Глава 1.
Мы с Тамарой ходим парой
Тамара никогда не любила понедельники, но пятница тоже не всегда радовала. Особенно та, которая начиналась с авралов в бухгалтерии детского сада. Дети, конечно, святое, но попробуй свести баланс, когда у заведующей «лишние расходы на мыльные пузыри», а завхоз требует списать «две коробки пластилина, потому что дети его съели». Тамара сидела над отчётами, вцепившись в калькулятор, и думала только об одном: «Вино. И желательно много».
— У тебя лицо, как у налоговой в апреле, — заметила Марина, забежав к ней в кабинет.
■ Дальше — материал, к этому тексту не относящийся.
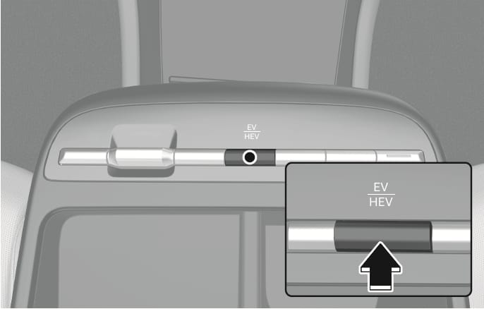 Pressing the EV/HEV button changes the plug-in hybrid system modes, between Electric (CD) mode and Hybrid (CS) mode.

Сестра? Нет. Подруга? Больше чем подруга. Вечно вместе, ещё со школы. Марина работала в банке, с клиентами — суровая, с коллегами — саркастичная, дома — та же балагурка, что и в десять лет. Сегодня она была в строгом платье-карандаш, волосы собраны в хвост, глаза усталые, но живые.
— У меня лицо человека, который снова будет отчитываться за чужой пластилин, — мрачно ответила Тамара. — Ты принесла?
Марина подняла пакет: бутылка красного вина, пачка чипсов и блестящий маскарадный костюм.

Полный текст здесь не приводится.